5.3.4. Shifted Volatility

# Test set 3: Assume the volatility is not constant and the realized volatility is 5% higher
# than the implied (historical observed) one
paths_test_vol = monte_carlo_paths(S_0, T, vol+0.05, r, seed_test, n_sims_test, timesteps)
with tf.Session() as sess:
    model_1.restore(sess, 'model.ckpt')
    #Using the model_1 trained in the section above
    test_results_vol = model_1.predict(paths_test_vol, np.ones(paths_test_vol.shape[1])*K, alpha, sess)
INFO:tensorflow:Restoring parameters from model.ckpt
_,_,_,portfolio_pnl_bs, deltas_bs = black_scholes_hedge_strategy(S_0,K, r, vol, T, paths_test_vol, alpha, True)
plt.figure()
_,_,_,portfolio_pnl_rnn, deltas_rnn = test_hedging_strategy(test_results_vol[2], paths_test_vol, K, 2.309, alpha, True)
plot_deltas(paths_test, deltas_bs, deltas_rnn)
plot_strategy_pnl(portfolio_pnl_bs, portfolio_pnl_rnn)
BS price at t0: 2.3029744678024286
Mean Hedging PnL: -0.5787493248269506
CVaR Hedging PnL: 2.5583922824407566
BS price at t0: 2.309
Mean Hedging PnL: -0.5735181045192523
CVaR Hedging PnL: 2.835487824499669
CaseStudies/output_50_1.png CaseStudies/output_50_2.png CaseStudies/output_50_3.png CaseStudies/output_50_4.png
deltas_rnn.shape
(30, 10000)

Conclusion

The Policy Gradient based model is able to learn a hedging strategy for a particular option without any assumption of the underlying stochastic process.

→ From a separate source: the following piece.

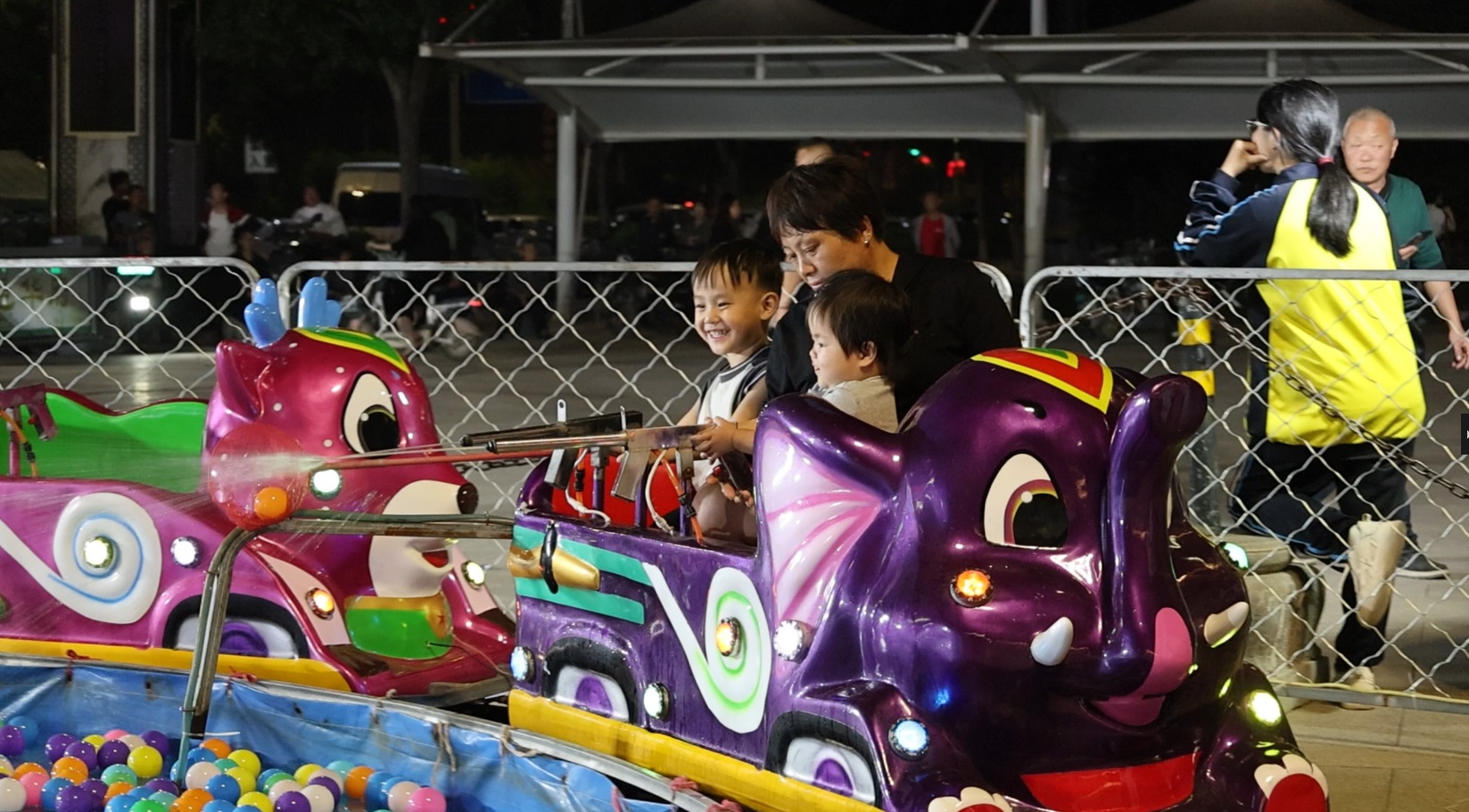 除了精彩演出,古城多元业态也让游客“留得住、玩得爽”。特色美食区汇集天津狗不理包子、重庆酸辣粉等各地小吃,满足游客的味蕾需求。非遗展示区邀请全国展商,现场演示陶壶制作、糖画、手工编织等技艺,游客可亲手体验非遗魅力。游乐区配备迪士尼恐怖城、豪华过山车等设施,成为亲子游玩、年轻人解压的好去处。

We compare the effectiveness of the hedging strategy and compare it to the delta hedging strategy using the Black Scholes Delta. The RL based hedging strategy quite well even when the few input parameters such as risk aversion and drifts were modified. However, RL method wasn’t able to generalize the strategy for options at different moneyness levels. It demonstrates the fact that RL is a data intensive approach, and it is important to train the model with different cases, which becomes more important if model is intended to be used across wide variety of derivatives. As compared to Black Scholes model, there is a significant scope of improvement of the RL based models by training them using a wide variety of instruments with different hyperparameters. It would be interesting to analyze the comparison of the RL based model vs the traditional hedging models for exotic derivatives given the trade-off between these approaches.